# Task item:
Find, in the records below, the line that contains "Il nostro mantello con stampa" and the line that contains "- VALUE 4-PACK: You". Copy those two lines and everything between them exactly, but not the pictures.
====================
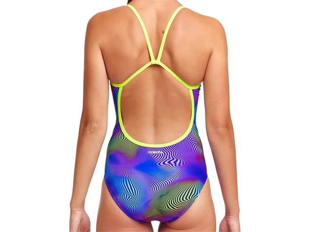 Der Funkita Badeanzug für Frauen mit einfachem V-förmigen Träger und freiem Rücken im Screen Time Design. Schnitt und formgebende Nähte sorgen für den perfekten Sitz während des Schwimmens. Der Badeanzug hat nur vorne eine leichte Fütterung in Form einer zweiten Stoffbahn (Inner Lining) und das kleinem Funkita Logo auf der Rückseite. Hergestellt aus Funkitas exklusiven C-Infinity-Gewebe, einem 100% italienischen Polyester, das einen farbenfrohen Durchbruch in der chlorresistenten Gewebetechnologie darstellt! C-Infinity ist die erste Wahl für Schwimmer und hat eine außergewöhnliche Festigkeit und kann seine Haltbarkeit weit über andere Elastan-Bademodenstoffe hinaus beibehalten. Ideal für die häufige Nutzung im Schwimmbad für Freizeit- und Leistungsschwimmen.
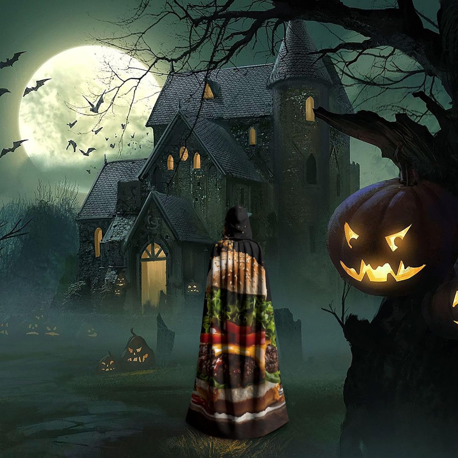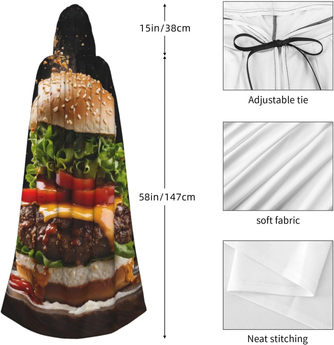 Il nostro mantello con stampa alimentare viene fornito con un cappuccio comodo e drammatico, insieme a una cravatta per un facile utilizzo, privo di cerniere che potrebbero rovinare l'estetica. Questo mantello con cappuccio con stampa alimentare promette un comfort eccezionale grazie al suo tessuto anti-prurito e offre una copertura completa adatta a tutte le età. Non importa dove ti trovi, distinguiti tra la folla con questo pezzo eccezionale. Versatile e facile da mantenere, questo mantello è per una serie di eventi, che si tratti di Halloween, balli in maschera, feste in costume o fumetti. Basta metterlo in lavatrice o lavarlo a mano e sei pronto ad andare. Vestiti nello spirito di Halloween e Cosplay con il nostro mantello con cappuccio con stampa alimentare, offrendo la combinazione di comodità, comfort e stile.
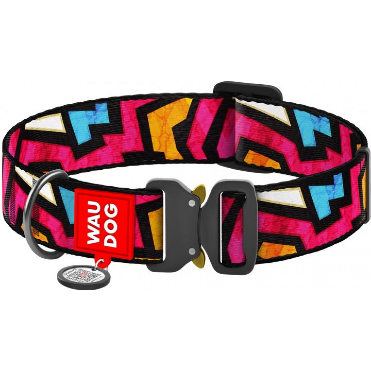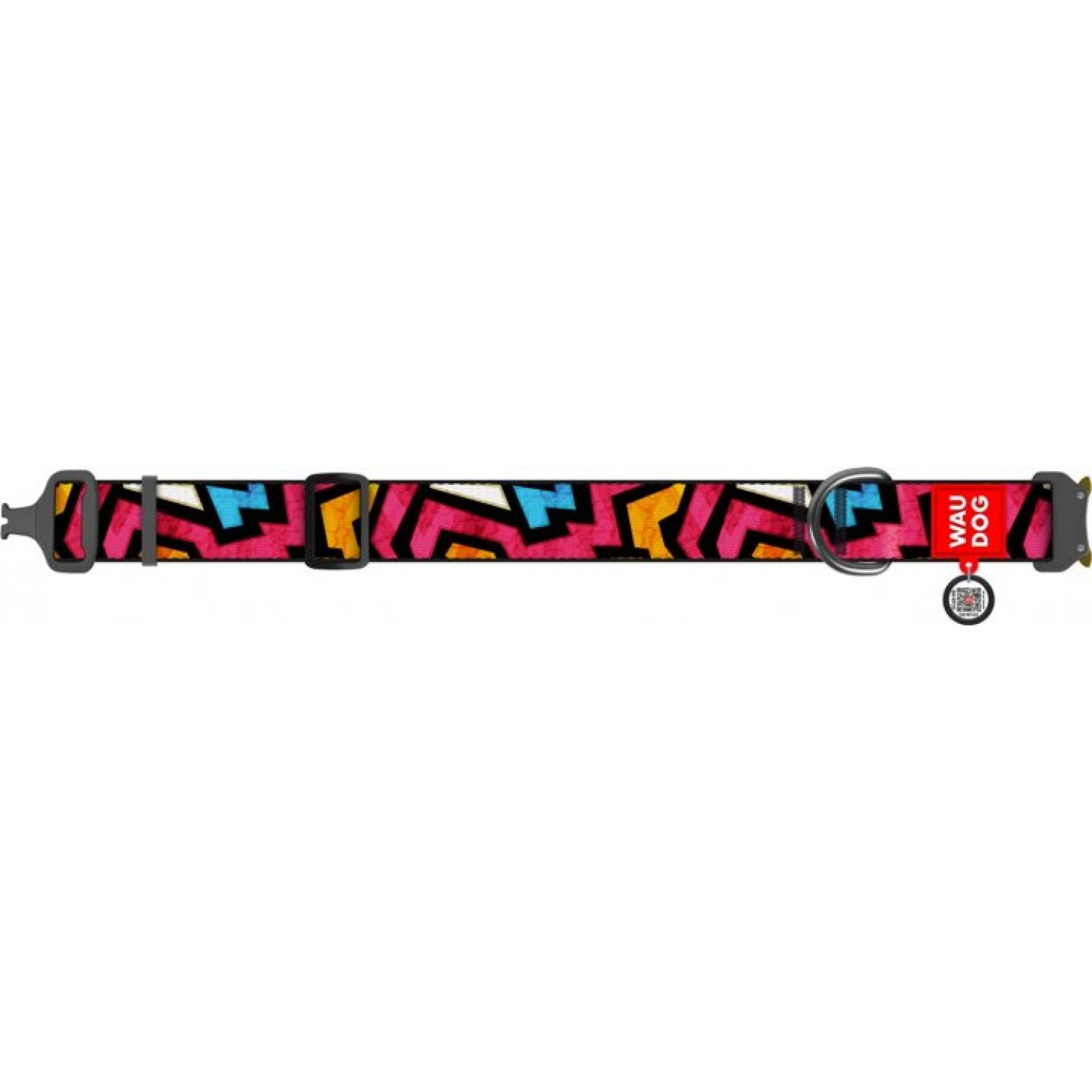 Collar WAUDOG Nylon нейлоновый ошейник "Граффити" c QR паспортом и металлической фурнитурой для собак.
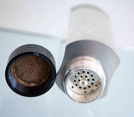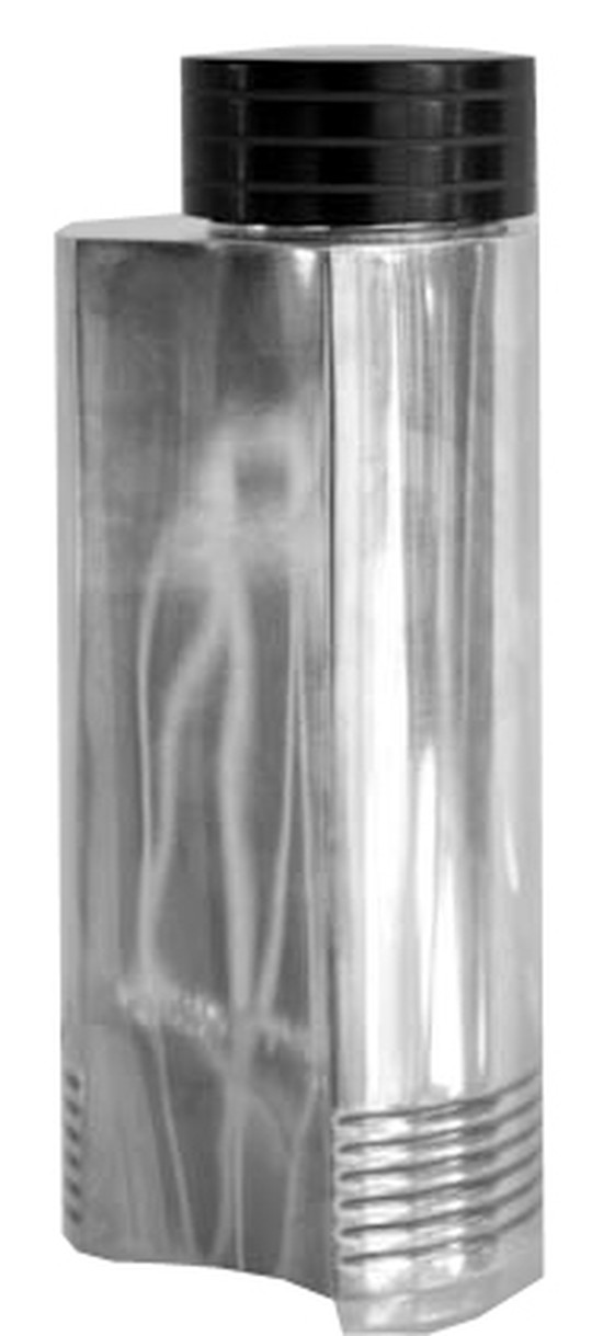 Folke Arstrom (1907 – 1997) designed this very “Avant-Garde” cocktail shaker in 1935 for GAB (Guldsmeds Aktie Bolaget) in Sweden. The shaker is in silver plate with a grooved black Bakelite top. It has the original strainer and cork seal. The bottom is marked with the GAB logo and “NS” and “ALP”. This important shaker is pictured in What Modern Was on page 84 and The Cocktail Shaker on page 75. It measures 8 ½” high and is 3 ½” in diameter.
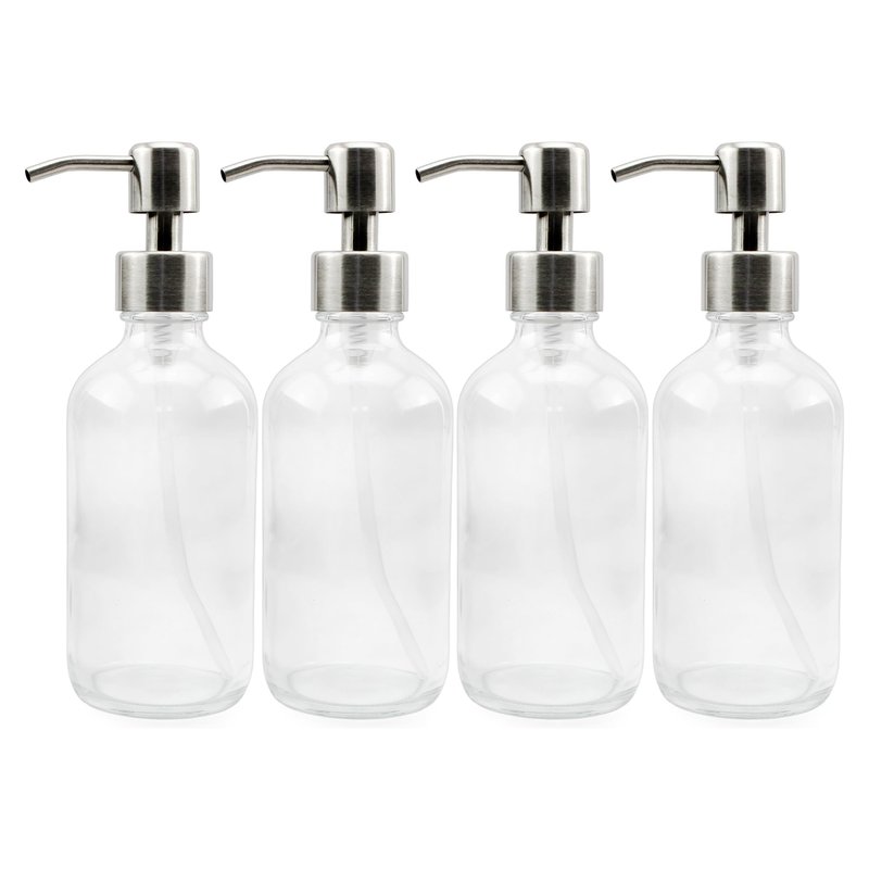 - VALUE 4-PACK: You get four 8-ounce clear glass bottles & 4 stainless steel pump tops
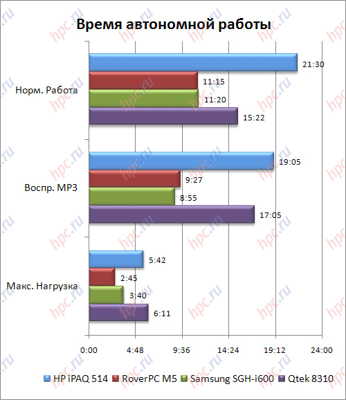 Время автономной работыВ коммуникаторе установлена батарея емкостью 1100 мАч. Это - не самая большая цифра, поэтому давайте посмотрим, как проявит себя HP iPAQ 514 в тесте на время автономной работы, который проведен по нашей традиционной методике. Режим максимальной нагрузки. Яркость подсветки выкручена на максимум, громкость динамика - тоже, включен Wi-Fi в режиме поиска сети и Bluetooth, через Windows Media Player Mobile в цикле воспроизводится видеоролик. Время автономной работы в этом режиме составило 5 часов 42 минуты. Нормальная работа. Bluetooth и Wi-Fi выключены. Яркость подсветки установлена на минимум. На коммуникаторе запущено чтение текста в программе Alreader с автоматической прокруткой. Время работы составило 21 час 30 минут. Воспроизведение МР3. Wi-Fi и Bluetooth выключены. Дисплей выключен. Прослушивание через наушники на максимальной громкости. Использовался Windows Media Player Mobile и файлы с битрейтом 192 Кб/c. Время работы - 19 часов 05 минут.
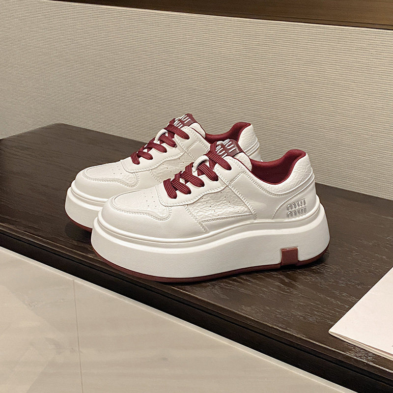 Hong Kong Encore Red Platform Height Increase White Shoes Women's 2025 Spring Leather Breadboard Shoes Versatile Korean Muffin Shoes
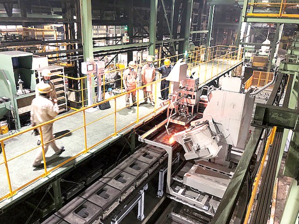 日本高周波鋼業グループの高周波鋳造(本社=青森県八戸市、大久保寿之社長)は、総額約5億円を投じて2017年8月から工事を進めていた生型鋳造ラインの更新工事が完工し、本格稼働を開始した。新ラインは、36年間稼働した鋳造ライン(小物製品対象)の老朽化に伴い、生産性向上と歩留まりのさらなるアップを目的としている。機械設備能力増強と歩留まり改善を合わせて40%の生産性向上を見込む。併せて作業の安全性向上のため自動注湯機1基を導入し、砂回収系統設備の能力増強も実施した。
====================
# Answer space:
 Il nostro mantello con stampa alimentare viene fornito con un cappuccio comodo e drammatico, insieme a una cravatta per un facile utilizzo, privo di cerniere che potrebbero rovinare l'estetica. Questo mantello con cappuccio con stampa alimentare promette un comfort eccezionale grazie al suo tessuto anti-prurito e offre una copertura completa adatta a tutte le età. Non importa dove ti trovi, distinguiti tra la folla con questo pezzo eccezionale. Versatile e facile da mantenere, questo mantello è per una serie di eventi, che si tratti di Halloween, balli in maschera, feste in costume o fumetti. Basta metterlo in lavatrice o lavarlo a mano e sei pronto ad andare. Vestiti nello spirito di Halloween e Cosplay con il nostro mantello con cappuccio con stampa alimentare, offrendo la combinazione di comodità, comfort e stile.
 Collar WAUDOG Nylon нейлоновый ошейник "Граффити" c QR паспортом и металлической фурнитурой для собак.
 Folke Arstrom (1907 – 1997) designed this very “Avant-Garde” cocktail shaker in 1935 for GAB (Guldsmeds Aktie Bolaget) in Sweden. The shaker is in silver plate with a grooved black Bakelite top. It has the original strainer and cork seal. The bottom is marked with the GAB logo and “NS” and “ALP”. This important shaker is pictured in What Modern Was on page 84 and The Cocktail Shaker on page 75. It measures 8 ½” high and is 3 ½” in diameter.
 - VALUE 4-PACK: You get four 8-ounce clear glass bottles & 4 stainless steel pump tops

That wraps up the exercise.